Trust in Yourself to Handle Any Situation

I often wonder why we often have so little trust in ourselves as men and fathers. I have yet to really find the answer to that. I do know that a lack of trust is based on fear, and that some fear is instinctual and healthy and keeps us on our toes. The rest – the parts that hold us back from becoming our true selves – is destructive and inappropriate, and probably can be blamed on our cultural and societal conditioning.

I think about being a young boy back in elementary school. Often my mother, when sending me off to school, would say “Be careful.” Mothers, fathers, aunts, uncles, and grandparents never said something like “Go out there and take lots of risks! That’s the only way to tackle life!” The cautious approach in “Be careful” implies that the world is dangerous and that we won’t be able to handle it. What our elders were actually saying was “If something happens to you, I will blame myself and feel awful about it. I don’t think I can handle those responsibilities and emotions.” Our mothers and fathers essentially passed on their lack of trust in their ability to handle whatever comes their way.
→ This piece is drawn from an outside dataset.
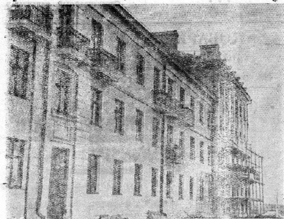
НА СНИМКЕ: Новый 64-квартирный дом для трудящихся завода, который будет сдан в эксплуатацию в 1950 году.

На примере работы библиотечной сети одного нашего завода можно видеть те огромные возможности для просвещения и знаний, какие предоставляет советским людям Сталинская Конституция.

As I got older, perhaps 18 or 19, I remember wanting desperately to go visit my older cousin across the state, and my father’s outright refusal to let me go on my own. His answer never wavered: “You are too young. What if something happens to you?” The translation, of course, was “You are not competent enough to handle a trip like that on your own.” Having become wiser with age, I now know that he was really saying “If anything happens to you, I will be responsible for letting you go and I can’t deal with that.”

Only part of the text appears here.